Work required →
Word for word, copy the line that contains "Kit Placas Quadros" and each line after it in the data below. Pictures stay out of the copy.

Raw data →

----------------

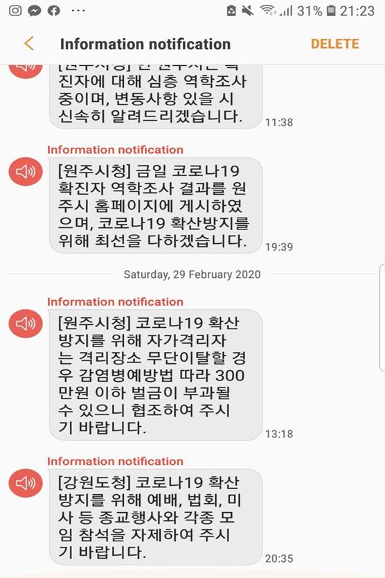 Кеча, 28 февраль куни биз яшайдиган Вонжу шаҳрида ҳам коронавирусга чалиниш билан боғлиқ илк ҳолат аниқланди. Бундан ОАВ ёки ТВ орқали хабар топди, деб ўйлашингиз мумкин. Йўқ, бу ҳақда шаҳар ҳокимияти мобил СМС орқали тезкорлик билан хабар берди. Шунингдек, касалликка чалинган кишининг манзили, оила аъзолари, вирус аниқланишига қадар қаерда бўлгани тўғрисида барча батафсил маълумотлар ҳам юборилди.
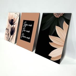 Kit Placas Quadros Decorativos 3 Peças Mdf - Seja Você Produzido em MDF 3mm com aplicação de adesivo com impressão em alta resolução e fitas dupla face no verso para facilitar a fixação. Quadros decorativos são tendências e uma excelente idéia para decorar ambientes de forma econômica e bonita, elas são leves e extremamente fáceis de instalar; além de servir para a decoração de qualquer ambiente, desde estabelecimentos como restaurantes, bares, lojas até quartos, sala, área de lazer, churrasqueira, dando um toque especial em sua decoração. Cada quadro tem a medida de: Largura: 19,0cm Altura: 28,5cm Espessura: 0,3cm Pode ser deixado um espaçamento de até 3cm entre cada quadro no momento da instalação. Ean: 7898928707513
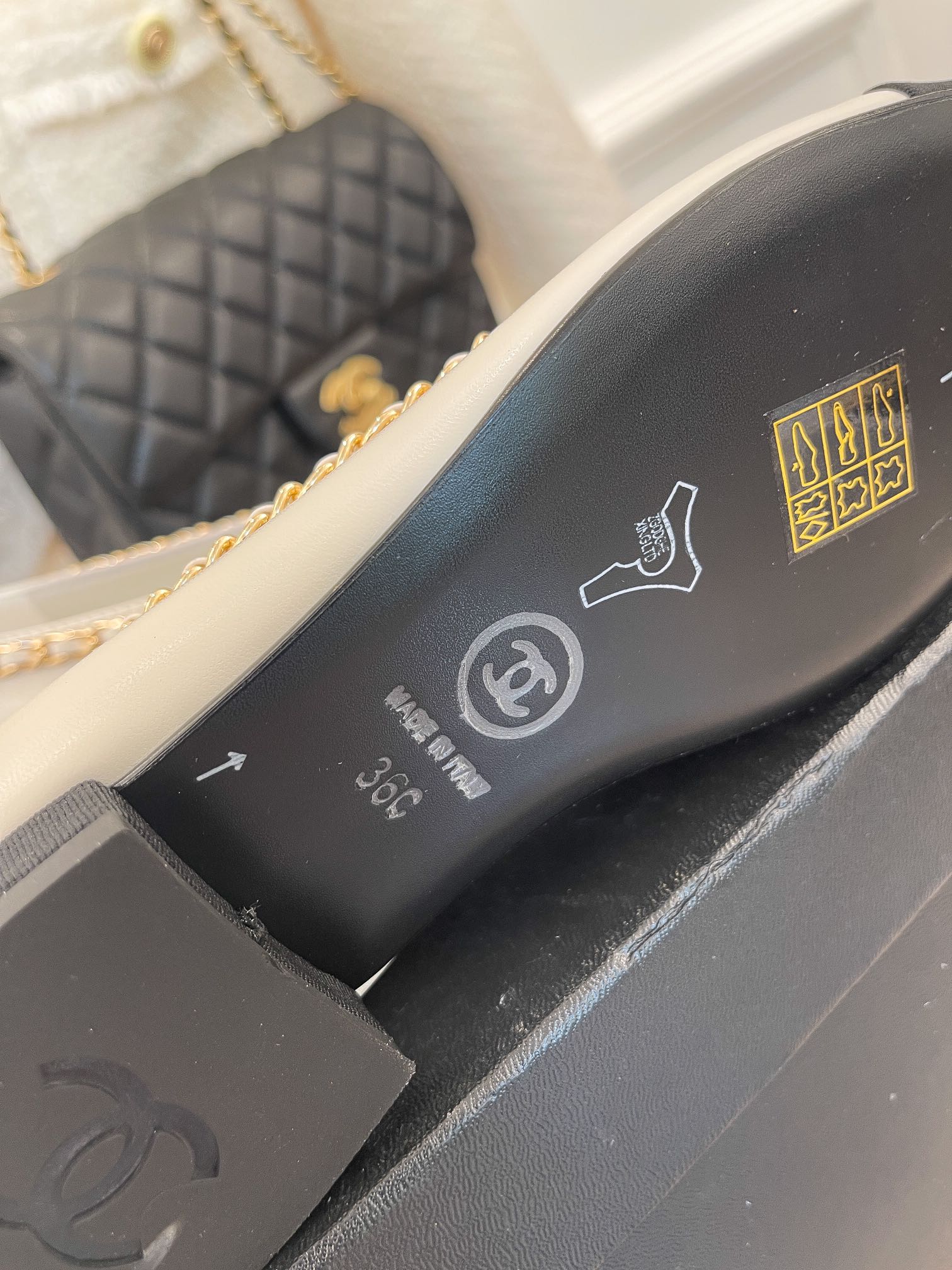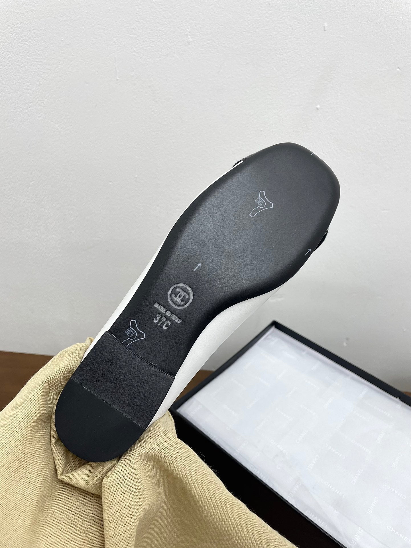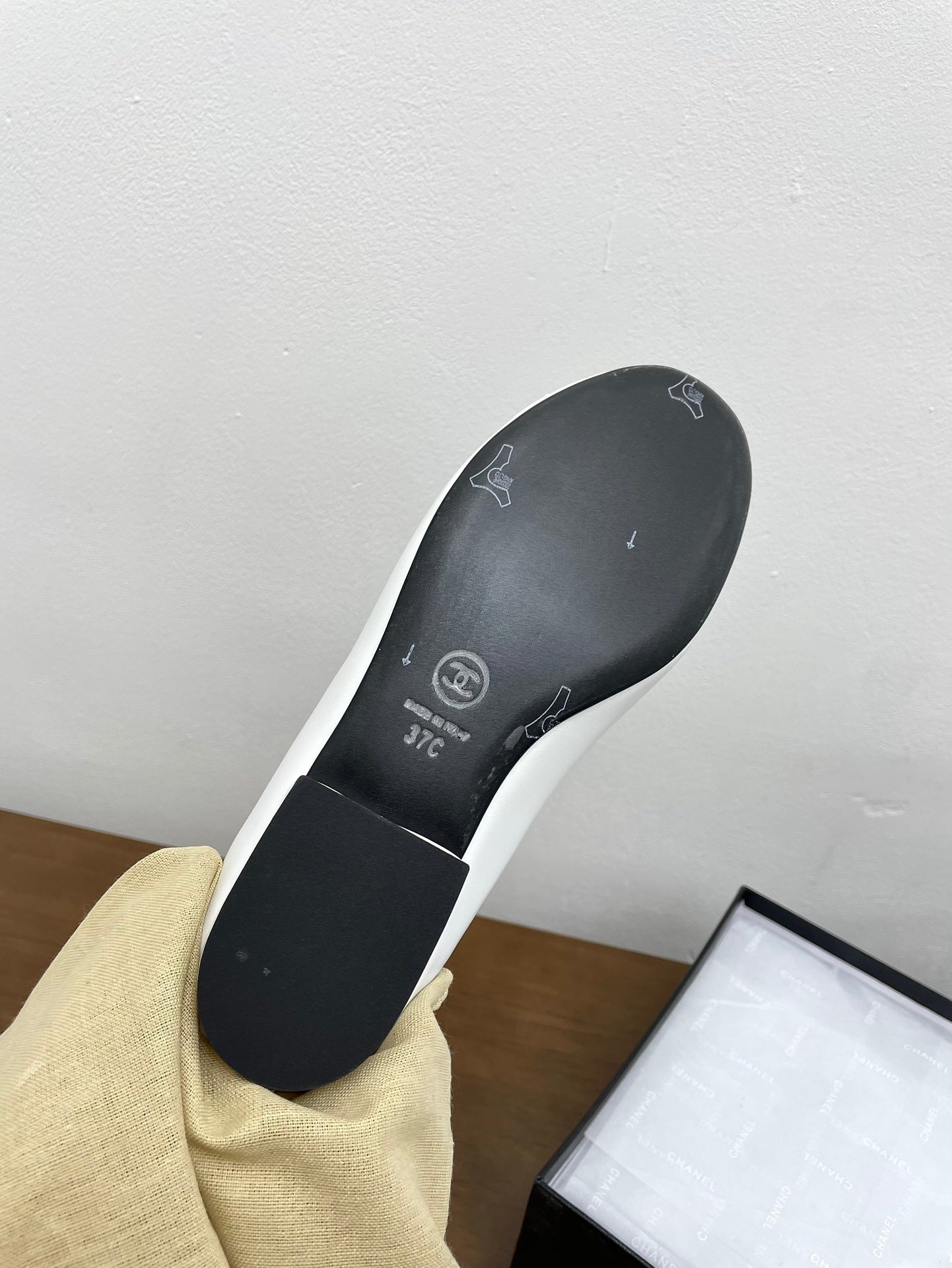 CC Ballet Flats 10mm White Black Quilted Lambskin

----------------

Solution to this problem →
 Kit Placas Quadros Decorativos 3 Peças Mdf - Seja Você Produzido em MDF 3mm com aplicação de adesivo com impressão em alta resolução e fitas dupla face no verso para facilitar a fixação. Quadros decorativos são tendências e uma excelente idéia para decorar ambientes de forma econômica e bonita, elas são leves e extremamente fáceis de instalar; além de servir para a decoração de qualquer ambiente, desde estabelecimentos como restaurantes, bares, lojas até quartos, sala, área de lazer, churrasqueira, dando um toque especial em sua decoração. Cada quadro tem a medida de: Largura: 19,0cm Altura: 28,5cm Espessura: 0,3cm Pode ser deixado um espaçamento de até 3cm entre cada quadro no momento da instalação. Ean: 7898928707513
 CC Ballet Flats 10mm White Black Quilted Lambskin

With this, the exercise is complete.